BELORUKOV & LIEDWART - Vtoroi (Mikroton, 2013)
Kurt Liedwart est un musicien russe principalement connu pour ses activités de producteur, car il dirige le label mikroton. Cette fois, sur son propre label, on le retrouve aux côtés du jeune saxophoniste de Saint-Petesbourg Ilia Belorukov aux saxophone préparé, moteurs, micro-contacts, ipod & objets, tandis que Liedwart est crédité aux "ppooll" (je ne sais pas si c'est un clin d'oeil à Kurzmann, ou s'il utilise le même instrument/logiciel - mais en tout cas, on n'a pas vraiment l'impression d'entendre le même outil...), objets et field-recordings.  Si la discographie de Liedwart est encore bien discrète, Belorukov sort de plus en plus de disques, des projets variés dont la qualité devient de plus en plus évidente (je pense ici à son récent solo ainsi qu'à l'excellent cinquième volume de son projet Wozzeck).

Avec ce duo (dont un autre disque est sorti presque simultanément sur copy for my records), le talent de Belorukov se confirme encore dans un autre domaine, alors que celui de Liedwart s'affirme. Les deux musiciens russes évoluent sur un territoire abstrait et plutôt calme. Il s'agit d'un continuum de longs sons tenus, de field-recordings discrets, de longues harmoniques de saxo, le tout agrémenté parfois d'objets et de bruits divers, avec une place non négligeable également accordée au silence.
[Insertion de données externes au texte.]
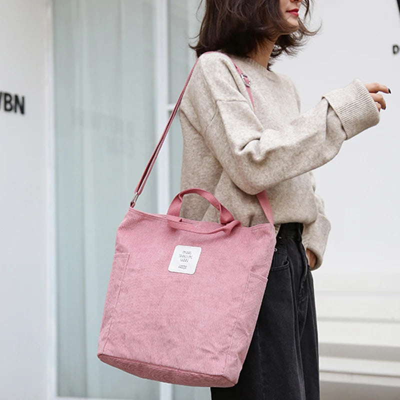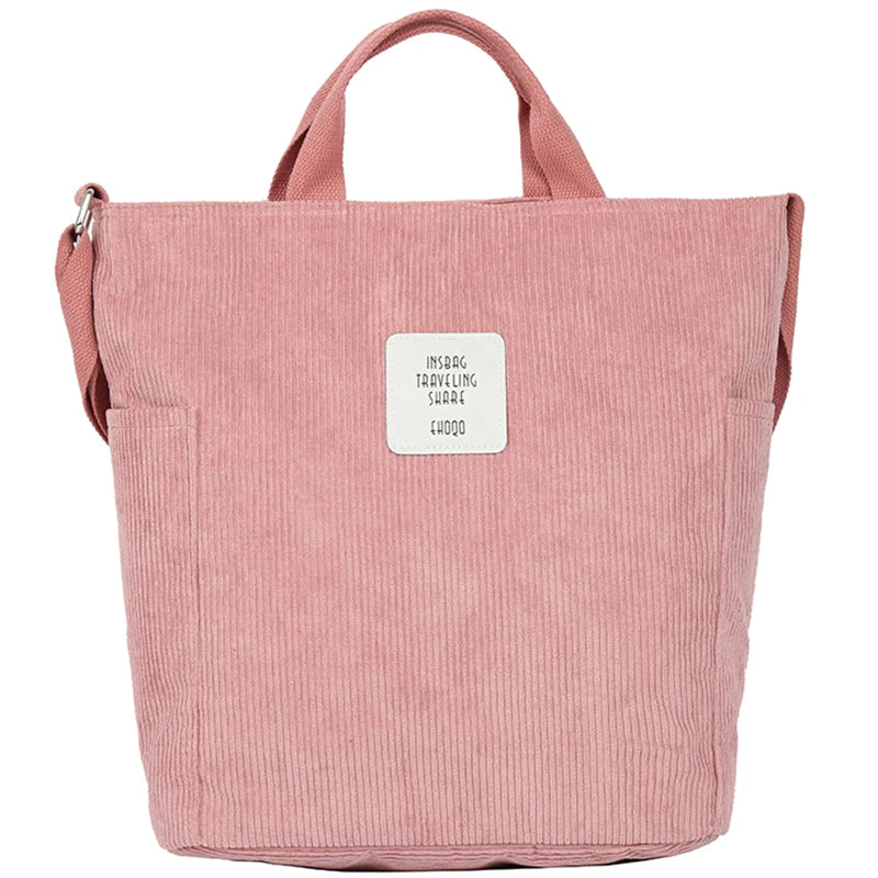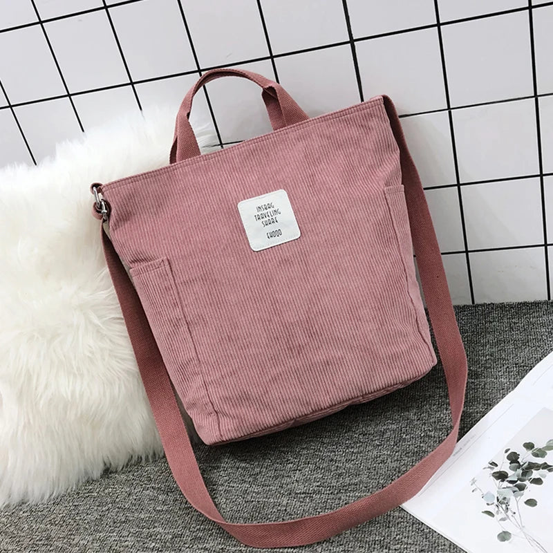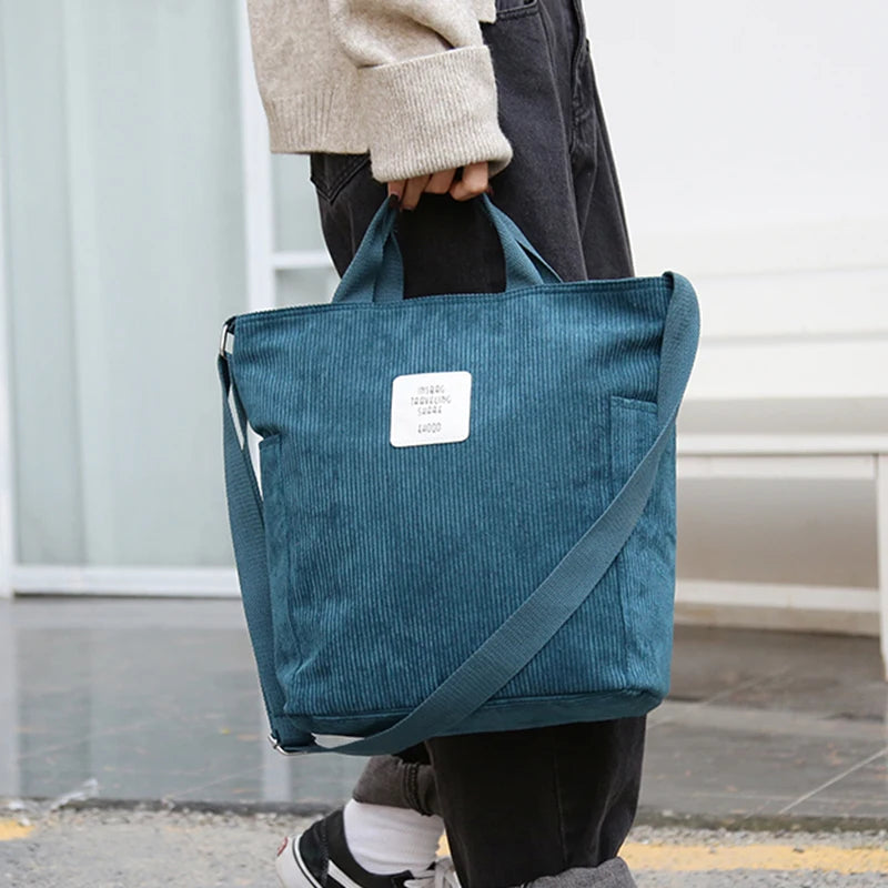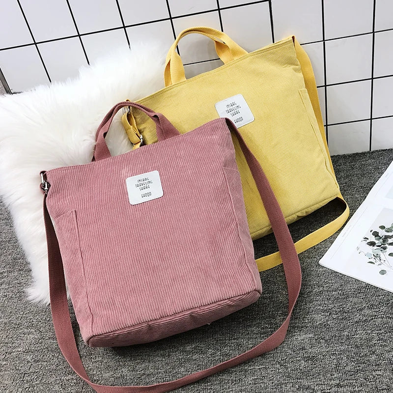 This stylish bag is made of durable corduroy and canvas, featuring a zipper closure for security. It is perfect for college girls to carry books and essentials.
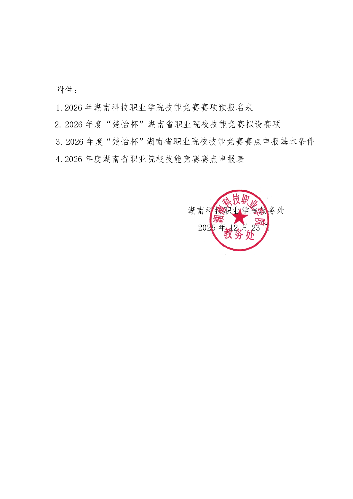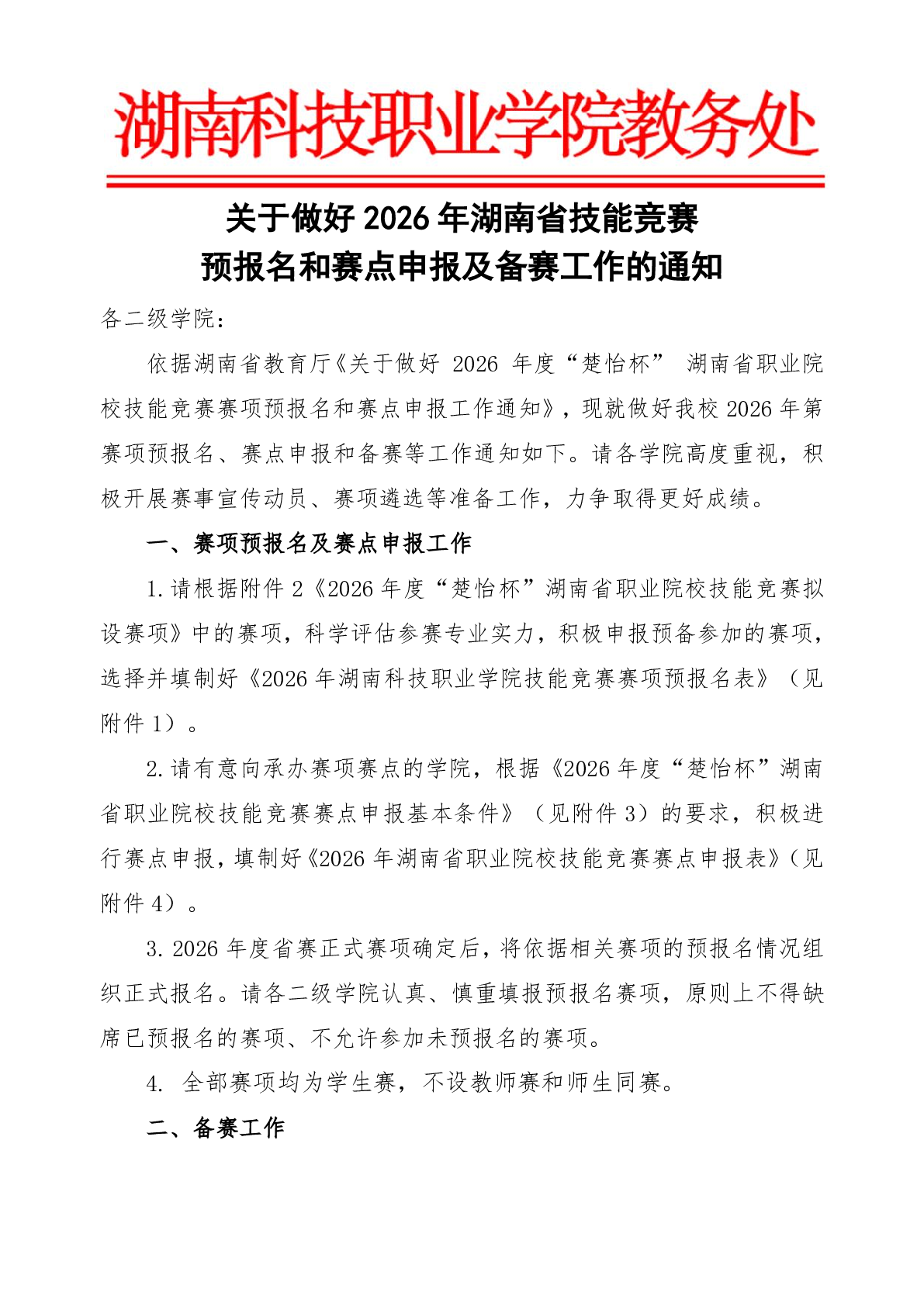 关于做好我校2026年湖南省职业院校技能竞赛赛项预报名和赛点申报及备赛工作的通知
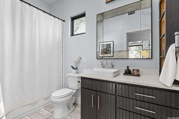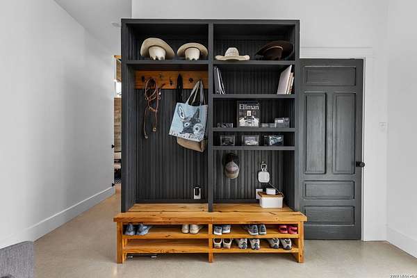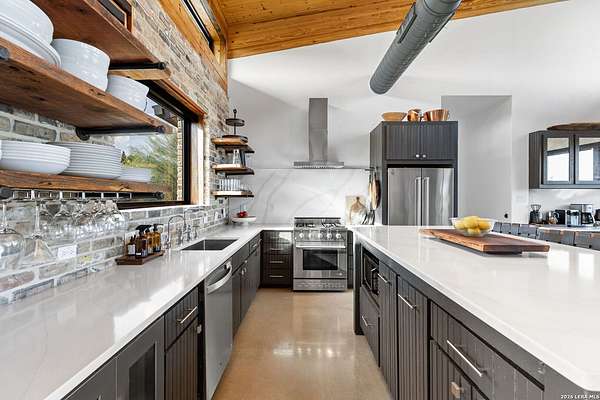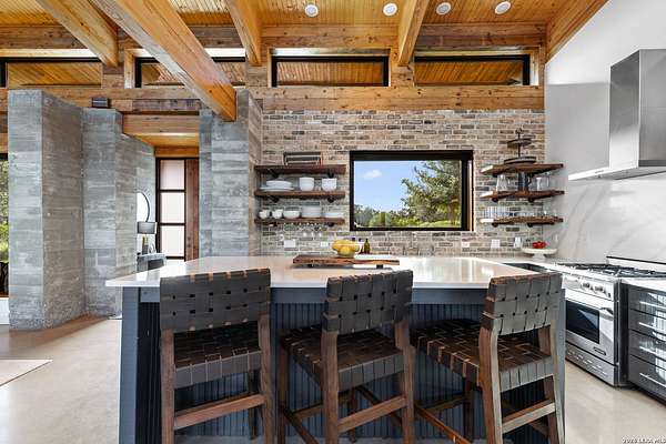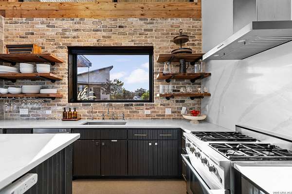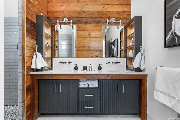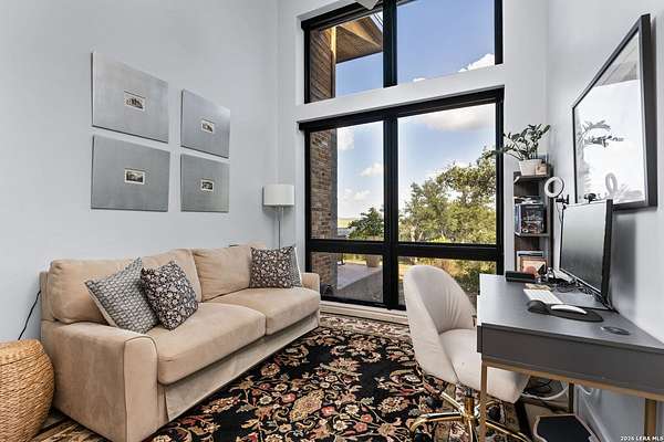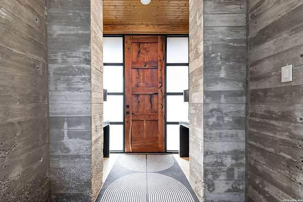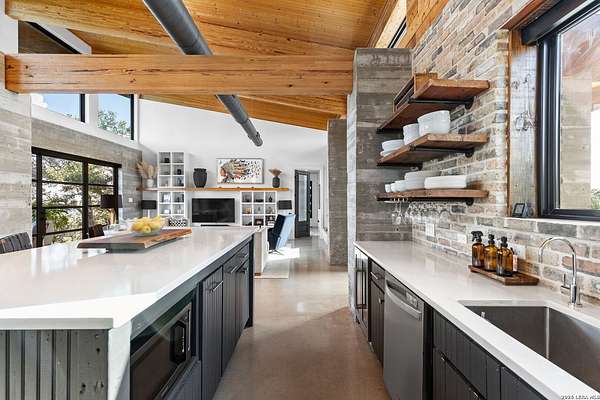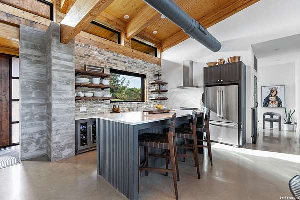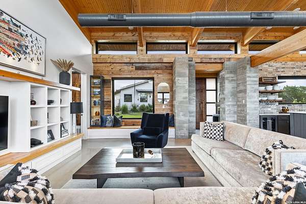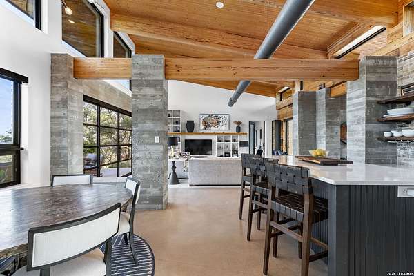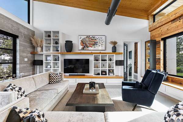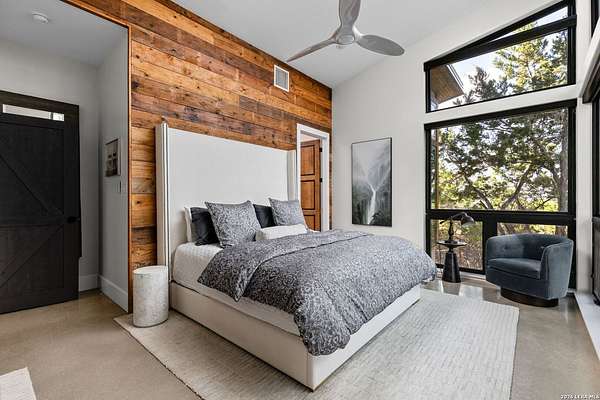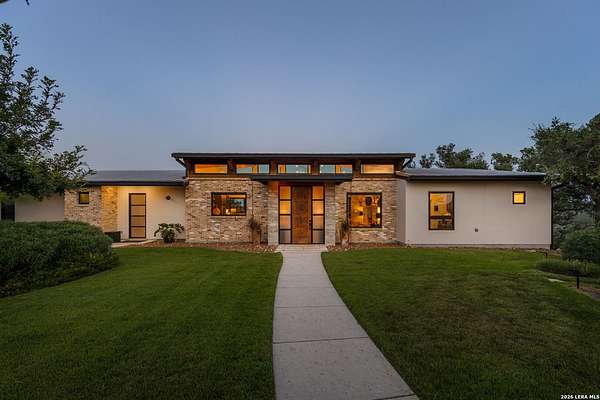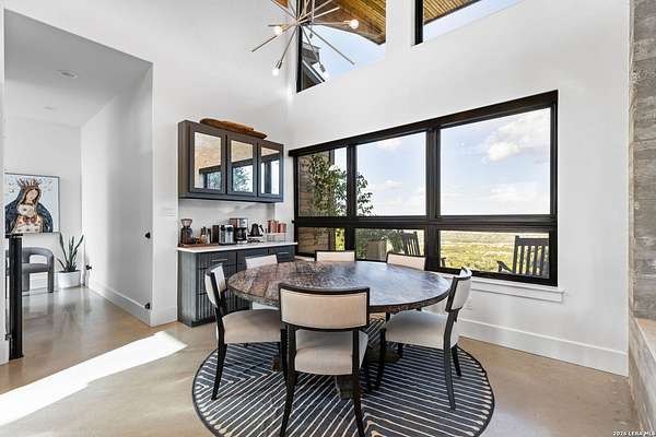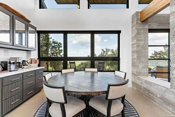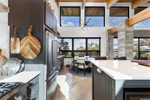Discover this rare refuge atop your own private hill, with breathtaking 360-degree views of the Texas Hill Country. This modern sanctuary offers sweeping panoramic views and spans 16.08 acres within the exclusive, gated Hills of Bandera Ranch community, bordering over 5,000 acres of Texas hill Country Natural Area State Park with a private park entrance. This 3-bedroom, 2.5-bathroom residence spans 2,331 sq. ft. and is beautifully custom crafted with steel, glass, concrete, and wood. Lush native plantings and in ground irrigation create a living backdrop of Monarch butterflies, hummingbirds, and restorative birdsong. Expansive walls of windows showcase spectacular Hill Country views, creating light-filled spaces and a seamless indoor-outdoor connection. From the effortless ease of motorized blinds to the whimsical charm of historic doors, every detail-including a bespoke primary suite closet and extensive custom cabinetry-has been curated to magnify the home's distinguished character. Engineered for self-sufficiency and peace of mind, this home features an interconnected 11.88 kW solar energy system, featuring panels, four Tesla Power-walls, a whole-house generator, rainwater harvesting, a deep private well, and advanced RO filtration. Topped with durable standing-seam metal roofing and custom gutters, this resilient retreat offers a rare blend of high-efficiency luxury and off-grid autonomy. The property includes a detached three-car garage with a fun bunk room above and a private office with its own entrance and panoramic working views. Automatic iron and wood entrance gates anchored by concrete pillars and fencing, shelter the upper acreage, offering a refined and private Hill Country arrival. Whether you're seeking peaceful mornings, golden Hill Country sunsets, or wide open, vivid starlit nights, this property exudes a rare blend of modern architecture, sustainable amenities, and the awe-struck beauty of the majestic rolling Hills of Texas.

Je pense qu'il s'agit d'improvisation sur les quatre pièces présentées ici, Liedwart & Belorukov explorent un territoire nouveau d'électroniques abstraites et silencieuses, lo-fi et mystérieuses - à l'image de certains américains (R. Kammerman, A. Guthrie, Coppice) ou coréens.

La musique de Liedwart & Belorukov se déplace sur un terrain glissant entre la musique instrumentale, l'installation sonore (avec l'utilisation de mini-amplis et de mini-speakers), l'électronique et le field-recordings. Toutes sortes d'ojets et d'ustensiles sont manipulés et utilisés durant ces pièces, mais on ne sait jamais vraiment tout à fait qui fait quoi ou comment, malgré les différences pourtant flagrantes entre les sources. Car chaque outil est utilisé pour en tirer un matériau des plus abstraits, des plus abrasifs aussi, tout en restant à des volumes généralement faibles voire très faibles. Que ce soit un saxophone ou des enregistrements, tout est ramené au même niveau que ces petits moteurs qui se déplacent, tout n'est que bruits qui s'accumulent pour former une suite assez narrative et continue.

Le son du duo est plutôt original, et leur approche des outils est très sensible et délicate, mais surtout, la musique est bien construite et on ne s'ennuie pas. Parfois très abstraite, la musique peut devenir plus claire et concrète à n'importe quel moment, ou l'inverse, de la même manière qu'elle peut devenir tout à fait silencieuse ou assez bruyante sans que l'on s'y attende ni que l'on s'en rende compte. La construction est précise, équilibrée, calculée et claire. Le son est créatif, saisissant et profond. Très bon travail, j'attends d'écouter la suite avec impatience.